*Data shown*:
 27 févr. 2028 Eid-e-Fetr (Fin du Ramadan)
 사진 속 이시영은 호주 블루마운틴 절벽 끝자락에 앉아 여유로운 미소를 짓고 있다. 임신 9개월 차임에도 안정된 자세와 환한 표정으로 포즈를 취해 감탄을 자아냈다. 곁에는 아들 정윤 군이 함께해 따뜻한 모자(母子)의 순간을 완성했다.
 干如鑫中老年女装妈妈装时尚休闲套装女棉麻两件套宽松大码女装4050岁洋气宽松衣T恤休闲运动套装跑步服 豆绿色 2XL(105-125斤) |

* * *

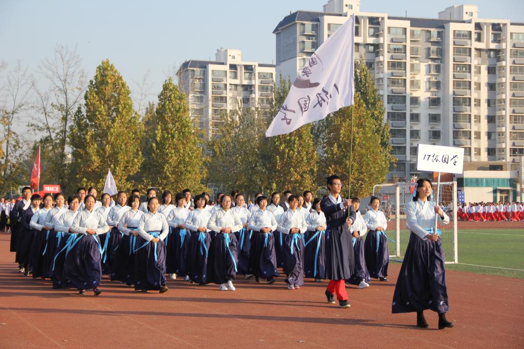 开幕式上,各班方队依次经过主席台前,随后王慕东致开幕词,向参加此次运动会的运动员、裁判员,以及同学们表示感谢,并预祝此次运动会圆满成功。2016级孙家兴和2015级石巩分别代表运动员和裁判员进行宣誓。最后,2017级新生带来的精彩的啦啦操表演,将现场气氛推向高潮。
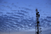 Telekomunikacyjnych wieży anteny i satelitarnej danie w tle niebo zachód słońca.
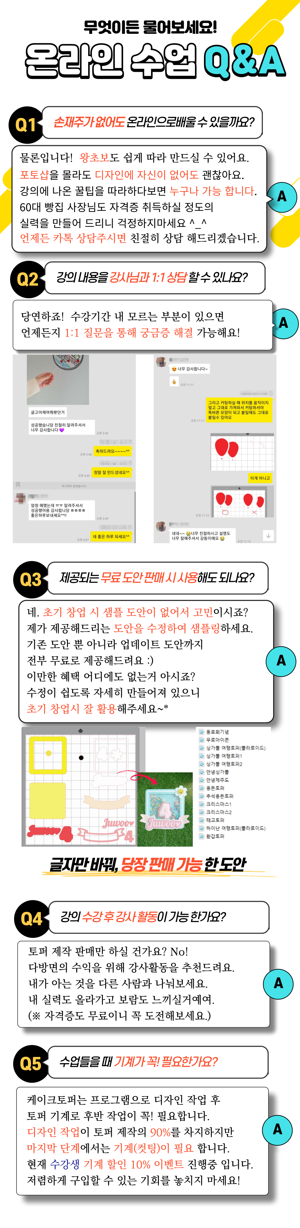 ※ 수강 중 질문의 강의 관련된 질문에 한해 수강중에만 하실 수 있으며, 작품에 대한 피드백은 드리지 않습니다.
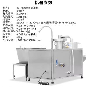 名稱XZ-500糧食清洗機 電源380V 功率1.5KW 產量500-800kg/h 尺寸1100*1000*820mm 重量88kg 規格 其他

*Work item*: In the records above, find the line with "27 févr. 2028 Eid-e-Fetr (Fin du Ramadan)"; write out exactly that line and each one after it, stopping after the line with "豆绿色 2XL(105-125斤) |".

*Result of the exercise*:
 27 févr. 2028 Eid-e-Fetr (Fin du Ramadan)
 사진 속 이시영은 호주 블루마운틴 절벽 끝자락에 앉아 여유로운 미소를 짓고 있다. 임신 9개월 차임에도 안정된 자세와 환한 표정으로 포즈를 취해 감탄을 자아냈다. 곁에는 아들 정윤 군이 함께해 따뜻한 모자(母子)의 순간을 완성했다.
 干如鑫中老年女装妈妈装时尚休闲套装女棉麻两件套宽松大码女装4050岁洋气宽松衣T恤休闲运动套装跑步服 豆绿色 2XL(105-125斤) |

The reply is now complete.